[Data excerpts]
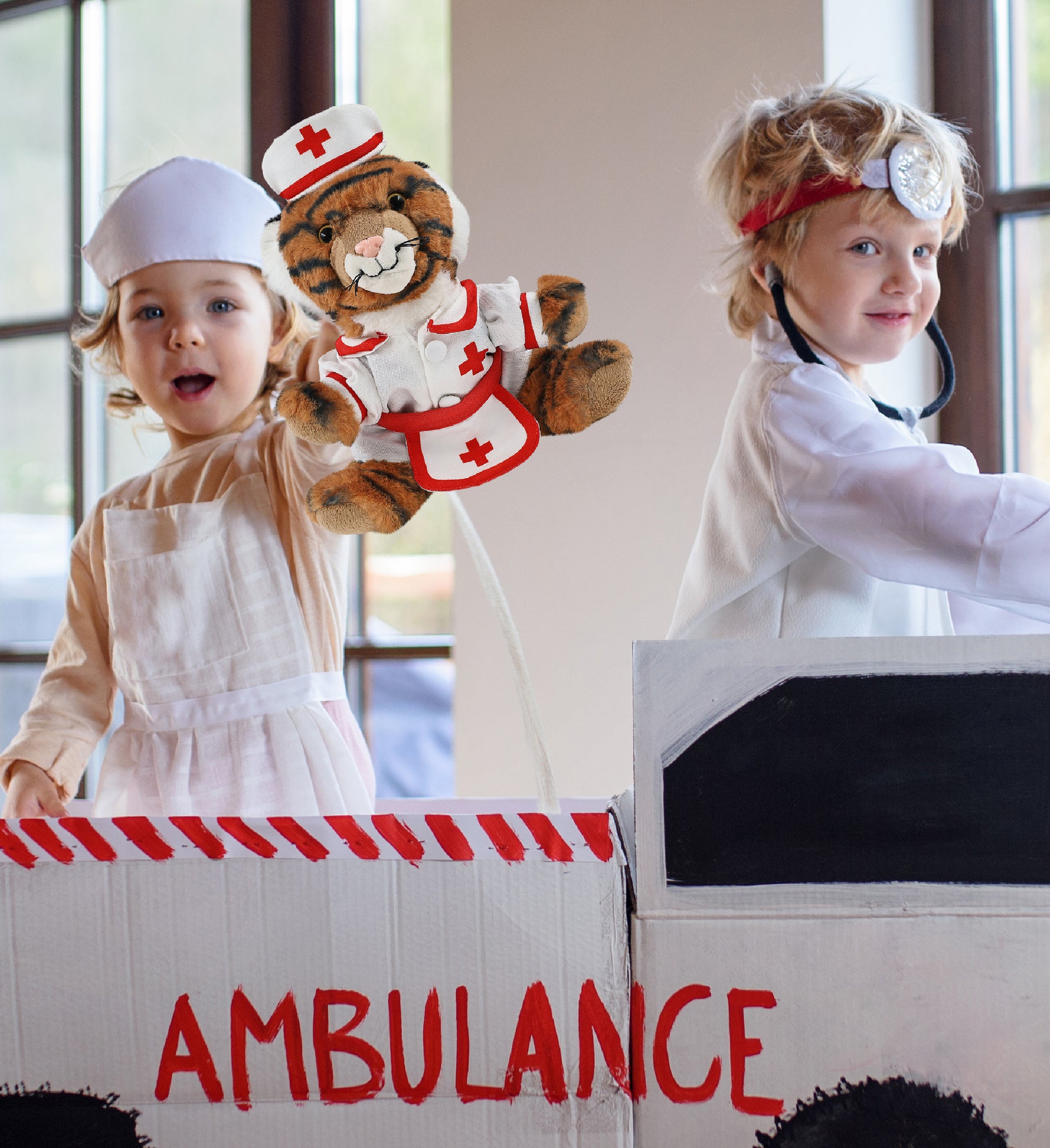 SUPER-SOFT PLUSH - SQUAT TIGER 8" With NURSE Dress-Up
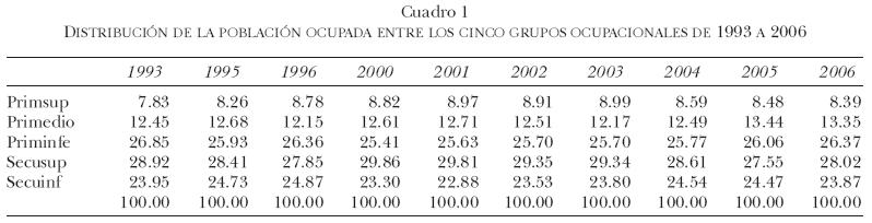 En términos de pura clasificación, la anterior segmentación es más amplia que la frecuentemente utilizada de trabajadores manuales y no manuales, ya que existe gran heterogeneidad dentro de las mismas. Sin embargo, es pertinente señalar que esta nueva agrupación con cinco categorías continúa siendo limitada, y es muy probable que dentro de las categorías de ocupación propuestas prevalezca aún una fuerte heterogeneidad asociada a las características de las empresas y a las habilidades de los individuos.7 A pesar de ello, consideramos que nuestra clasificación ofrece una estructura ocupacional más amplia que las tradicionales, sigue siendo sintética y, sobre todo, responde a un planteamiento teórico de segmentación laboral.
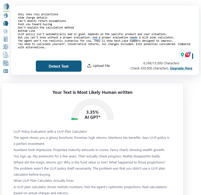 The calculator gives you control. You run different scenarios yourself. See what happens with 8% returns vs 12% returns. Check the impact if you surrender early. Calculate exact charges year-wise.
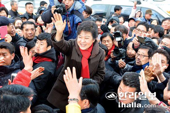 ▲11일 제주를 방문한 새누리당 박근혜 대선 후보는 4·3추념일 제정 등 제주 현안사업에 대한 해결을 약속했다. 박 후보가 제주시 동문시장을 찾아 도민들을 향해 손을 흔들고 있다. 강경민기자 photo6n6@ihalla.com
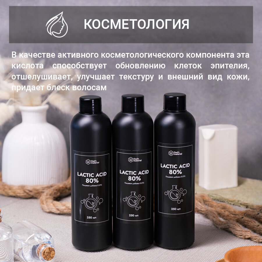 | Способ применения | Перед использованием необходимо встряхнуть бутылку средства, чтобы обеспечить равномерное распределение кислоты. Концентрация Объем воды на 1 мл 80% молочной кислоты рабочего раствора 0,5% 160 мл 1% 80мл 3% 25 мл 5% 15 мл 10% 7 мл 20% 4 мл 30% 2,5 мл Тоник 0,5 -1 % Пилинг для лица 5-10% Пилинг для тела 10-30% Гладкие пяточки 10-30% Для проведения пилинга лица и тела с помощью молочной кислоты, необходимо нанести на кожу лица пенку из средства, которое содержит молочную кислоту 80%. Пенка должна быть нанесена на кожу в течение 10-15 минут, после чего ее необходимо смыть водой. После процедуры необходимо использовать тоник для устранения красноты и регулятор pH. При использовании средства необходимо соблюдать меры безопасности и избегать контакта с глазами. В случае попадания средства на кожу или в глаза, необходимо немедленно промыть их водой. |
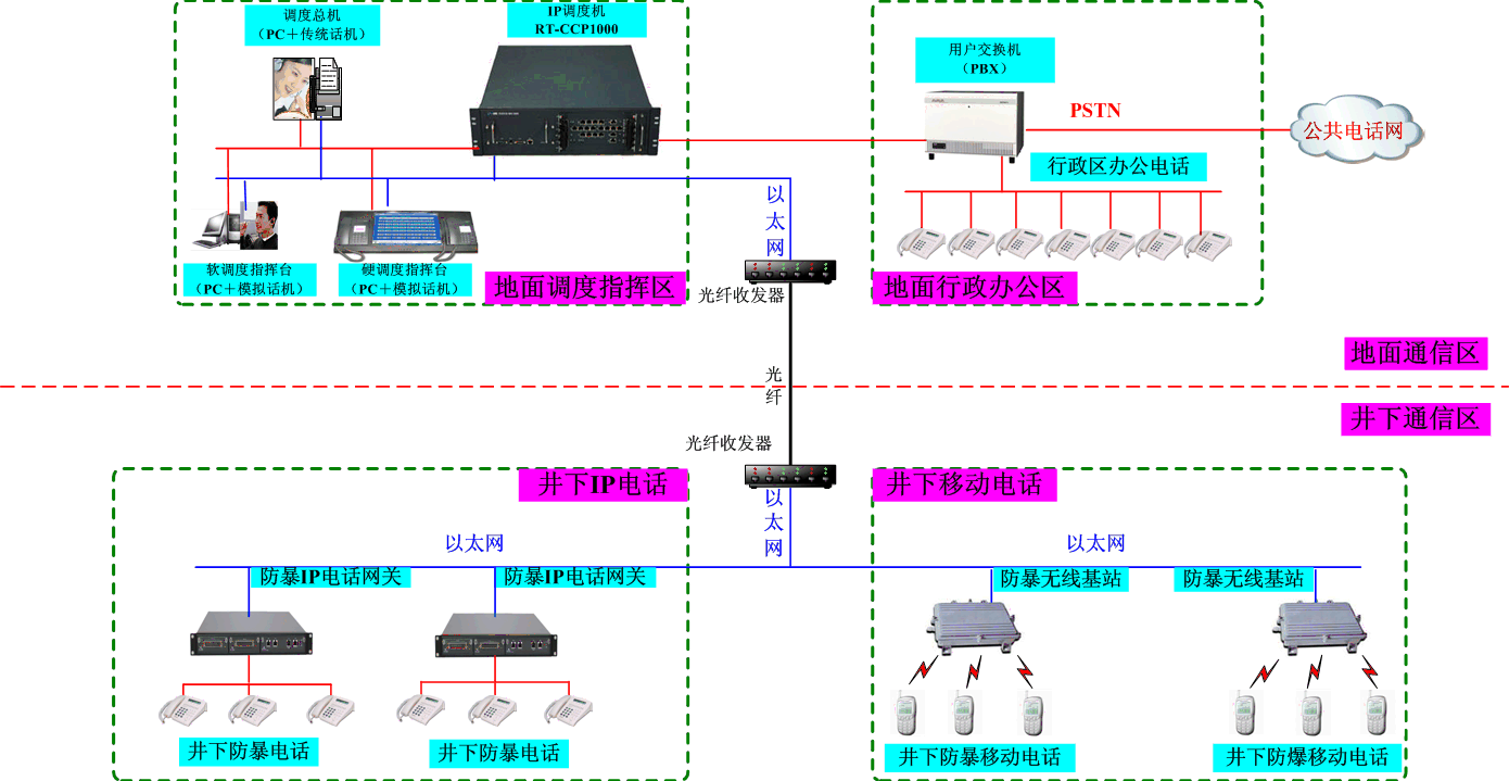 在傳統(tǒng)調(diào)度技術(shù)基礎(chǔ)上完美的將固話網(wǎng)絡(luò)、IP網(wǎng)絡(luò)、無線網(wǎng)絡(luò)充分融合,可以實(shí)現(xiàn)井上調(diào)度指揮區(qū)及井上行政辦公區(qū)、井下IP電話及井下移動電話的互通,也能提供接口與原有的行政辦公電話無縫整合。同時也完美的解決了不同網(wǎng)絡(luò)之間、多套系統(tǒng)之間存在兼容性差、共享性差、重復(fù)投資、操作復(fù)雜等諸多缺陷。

WHAT TO PRODUCE:
Restate the data above word for word, omitting every picture.

EXERCISE RESPONSE:
 SUPER-SOFT PLUSH - SQUAT TIGER 8" With NURSE Dress-Up
 En términos de pura clasificación, la anterior segmentación es más amplia que la frecuentemente utilizada de trabajadores manuales y no manuales, ya que existe gran heterogeneidad dentro de las mismas. Sin embargo, es pertinente señalar que esta nueva agrupación con cinco categorías continúa siendo limitada, y es muy probable que dentro de las categorías de ocupación propuestas prevalezca aún una fuerte heterogeneidad asociada a las características de las empresas y a las habilidades de los individuos.7 A pesar de ello, consideramos que nuestra clasificación ofrece una estructura ocupacional más amplia que las tradicionales, sigue siendo sintética y, sobre todo, responde a un planteamiento teórico de segmentación laboral.
 The calculator gives you control. You run different scenarios yourself. See what happens with 8% returns vs 12% returns. Check the impact if you surrender early. Calculate exact charges year-wise.
 ▲11일 제주를 방문한 새누리당 박근혜 대선 후보는 4·3추념일 제정 등 제주 현안사업에 대한 해결을 약속했다. 박 후보가 제주시 동문시장을 찾아 도민들을 향해 손을 흔들고 있다. 강경민기자 photo6n6@ihalla.com
 | Способ применения | Перед использованием необходимо встряхнуть бутылку средства, чтобы обеспечить равномерное распределение кислоты. Концентрация Объем воды на 1 мл 80% молочной кислоты рабочего раствора 0,5% 160 мл 1% 80мл 3% 25 мл 5% 15 мл 10% 7 мл 20% 4 мл 30% 2,5 мл Тоник 0,5 -1 % Пилинг для лица 5-10% Пилинг для тела 10-30% Гладкие пяточки 10-30% Для проведения пилинга лица и тела с помощью молочной кислоты, необходимо нанести на кожу лица пенку из средства, которое содержит молочную кислоту 80%. Пенка должна быть нанесена на кожу в течение 10-15 минут, после чего ее необходимо смыть водой. После процедуры необходимо использовать тоник для устранения красноты и регулятор pH. При использовании средства необходимо соблюдать меры безопасности и избегать контакта с глазами. В случае попадания средства на кожу или в глаза, необходимо немедленно промыть их водой. |
 在傳統(tǒng)調(diào)度技術(shù)基礎(chǔ)上完美的將固話網(wǎng)絡(luò)、IP網(wǎng)絡(luò)、無線網(wǎng)絡(luò)充分融合,可以實(shí)現(xiàn)井上調(diào)度指揮區(qū)及井上行政辦公區(qū)、井下IP電話及井下移動電話的互通,也能提供接口與原有的行政辦公電話無縫整合。同時也完美的解決了不同網(wǎng)絡(luò)之間、多套系統(tǒng)之間存在兼容性差、共享性差、重復(fù)投資、操作復(fù)雜等諸多缺陷。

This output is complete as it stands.